Габриэль наклоняется к ней и громким шепотом уточняет:

– Я хорошо справился со своей ролью?

– На «отлично». – Беатрис проходит мимо нас к крошечному столику, на котором Абуэла уже рассыпала муку. – Ну же, – подгоняет она, – уходите.

Вслед за Габриэлем я выхожу на улицу.

– Они собираются испечь для меня торт? – догадываюсь я.

– Я тебе ничего такого не говорил, – отнекивается он.

– Как мило!

Я присаживаюсь на пенек, стоящий возле входной двери, а Габриэль тем временем роется в куче инструментов. Он протягивает мне сетчатую корзину на палке, а сам берет двадцатилитровое пластиковое ведро и говорит:

– Vamos.

– В смысле? – удивляюсь я. – Мы действительно будем собирать фрукты? Я думала, это просто уловка, чтобы вытащить меня из дому.

– Так и есть. Но ведь мы на ферме, отдыхать тут некогда.

Я плетусь за ним. За домом простираются грядки, на которых растут батат и кукуруза, салат и морковь. Габриэль указывает на грядку ананасов, пока еще не совсем созревших, за которой виднеется небольшая группа деревьев.

– Это папайя, – поясняет он.

Прищурившись, Габриэль смотрит на дерево, затем длинным шестом со специальным наконечником в течение минуты срезает огромный плод, который падает прямо мне в руки.

– Я не знала, что папайя растет на деревьях, – признаюсь я, не в силах скрыть своего удивления.

Какое-то время мы дружно работаем в полной тишине, пока на дереве не остается спелых плодов, после чего я опускаюсь на колени, чтобы выкопать несколько бататов. В дом я возвращаюсь вся в грязи. Габриэль подводит меня к водяному насосу и направляет на меня струю, чтобы я могла вымыть руки и лицо. Затем я помогаю ему умыться, но вместо этого Габриэль снимает с себя рубашку и подставляет под струю голову и торс, после чего отряхивается, как охотничья собака, забрызгивая меня водой с головы до ног. Я не могу сдержать визга.

Шум привлекает Беатрис, которая выходит на крыльцо дома.

– Вы как раз вовремя. – Она хлопает в ладоши, и за ее спиной появляется Абуэла с тарелкой в руках, на которой возвышается маленький одноярусный шоколадный торт.

– Cumpleaños feliz, – затягивают женщины, – te deseamos a ti…[59]

Беатрис подбегает к отцу и что-то шепчет ему на ухо, после чего он достает из кармана зажигалку, открывает и выпускает из нее небольшое пламя.

– Свечей нет, – поясняет он.

Абуэла ставит торт на стол для пикника, весь усыпанный цветами.

– Загадай желание! – приказывает Беатрис.

Я послушно закрываю глаза.

Я хочу…

Вернуться в Нью-Йорк к Финну.

Чтобы маме стало лучше.

Чтобы все это поскорее закончилось.

Это то, о чем я, по идее, должна мечтать.

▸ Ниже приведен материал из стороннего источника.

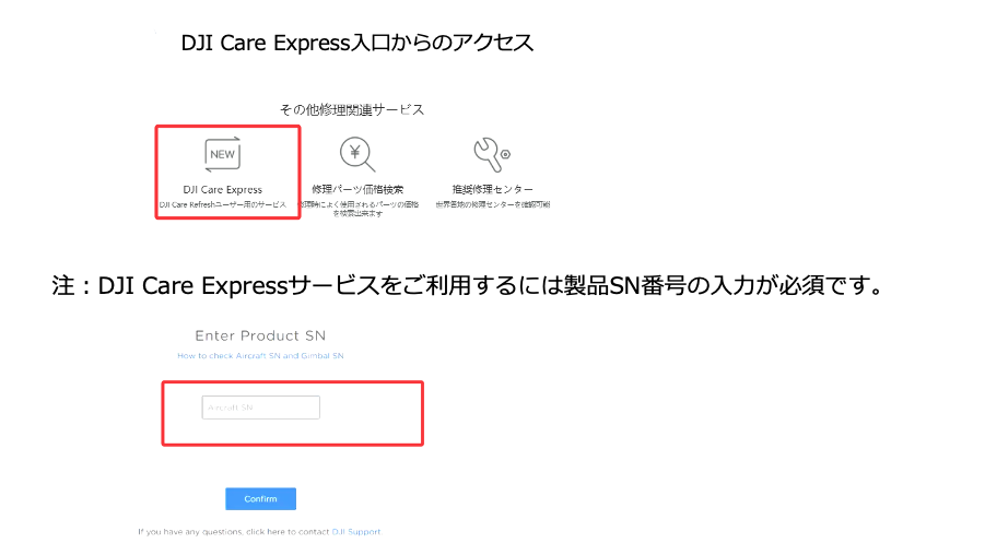 DJI Care Expressサービスご希望のお客様は、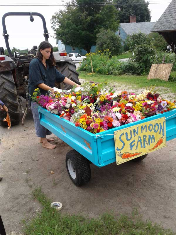 Estoy más interesado en animar a Friends a buscar un alto valor con sus compras de alimentos. Desde hace algunos años, hemos estado diciendo que la comunidad es nuestro principal cultivo, y hemos comenzado a animar a los clientes a pensar en la comida como solo uno de los muchos beneficios que obtienen cuando eligen apoyar una granja comunitaria. Además de proporcionar productos orgánicos de alta calidad, Sun Moon Farm organiza una cena semanal compartida, una fiesta en el granero en el verano y un culto a la luz de las velas en el solsticio de invierno. Hemos convertido la parte delantera de nuestro granero en una biblioteca, y ese espacio físico, y la ocasión de ver a los vecinos en la recogida de la ASC, ha hecho de Sun Moon Farm un valioso centro comunitario en nuestra zona rural. También hago entregas a amigos en Cambridge, Massachusetts, y mi relación con una comunidad de cohousing allí ha permitido una experiencia similarmente conectada para nuestros clientes de la ciudad. (¡Ver abajo!)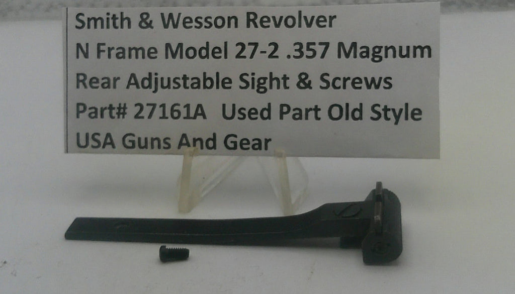 This is an authentic Smith & Wesson 2.09" rear adjustable sight for N Frame Model 27 revolvers chambered in .357 Magnum. OEM factory part number 27161A is an old-style design in used condition, sourced from classic S&W inventory.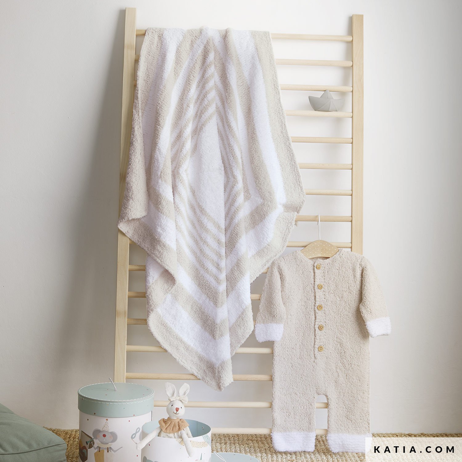 Langärmeliger Strampler mit Plüsch-Touch, der mit Copito Soft gestrickt wird. Folgen Sie der einfachen Strickanleitung, um dieses Modell anzufertigen. Das Vorderteil wird mit Knöpfen verschlossen, um das An- und Auskleiden des Babys zu erleichtern. Und um die hübsche Farbe dieses Stramplers hervorzuheben, werden die Arm- und Beinbündchen mit einer anderen Farbe gestrickt.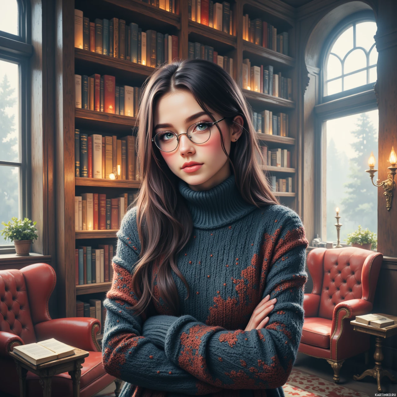 На картинке молодая женщина с каштановыми волосами до плеч, в очках и тёмном свитере с арановым узором. Она скрестила руки на груди и смотрит немного в сторону с невыразительным лицом. На заднем плане — резной деревянный стеллаж, заставленный книгами. Кажется, действие происходит в традиционном кабинете или библиотеке с деревянными панелями и классической мебелью.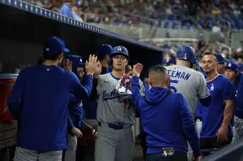 <マーリンズ・ドジャース>3回、、フリーマンの2ランで生還した大谷はナインの出迎えを受ける(撮影・沢田 明徳) Photo by スポニチ 大谷翔平が5年連続2桁盗塁 3回に四球→二盗→フリーマン2ランで生還 「50―… ギャラリーで見る この記事のフォト 2025年05月06日の画像一覧 もっと見る 2025年05月06日の画像をもっと見る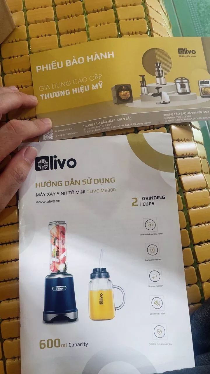 - OLIVO MB300 là một chiếc máy xay sinh tố mini với thiết kế nhỏ gọn, tiện lợi. Máy có dung tích 600ml, đủ dùng cho 1-3 người.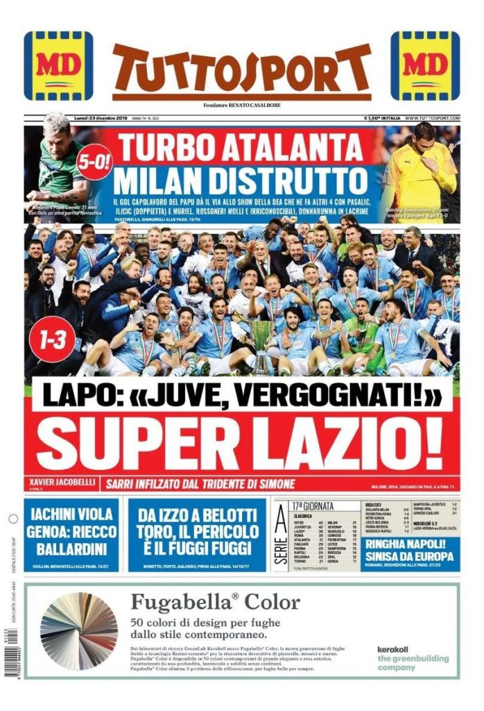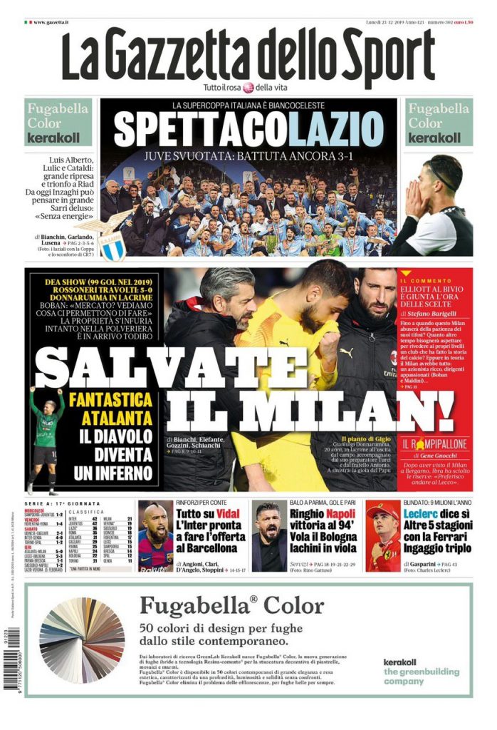 Le prime pagine dei quotidiani sportivi in edicola oggi, lunedì 23 dicembre 2019

Но все, что приходит мне сейчас в голову, – это крамольная мысль: трудно загадывать желания, когда у тебя есть все, что нужно.

Я снова открываю глаза, наклоняюсь к зажигалке Габриэля и осторожно дую на пламя.

Он подмигивает мне и захлопывает крышку зажигалки со словами:

– Это означает, что твое желание непременно сбудется.


После того как мы съедаем торт, Габриэль разводит во дворе костер в кольце лавовых камней. Он также включает маленький транзисторный радиоприемник. Мы все усаживаемся на складные садовые стулья. К моему удивлению, для меня приготовили подарки: Беатрис – маленькую коробочку, которую она украсила ракушками; Абуэла – медальон с изображением Девы Марии на цепочке. Пожилая женщина настаивает на том, чтобы я тут же надела его. Даже у Габриэля есть для меня подарок. Но это не вещь, а новое приключение, которое состоится через несколько дней. Потом Беатрис приносит мне чистый блокнот и требует, чтобы я нарисовала ее портрет – вроде тех, что я рисовала на feria. Когда на небе гаснет последний луч заходящего солнца, мы решаем, что Беатрис будет спать в доме вместе с Абуэлой, а мы с Габриэлем заночуем под открытым небом.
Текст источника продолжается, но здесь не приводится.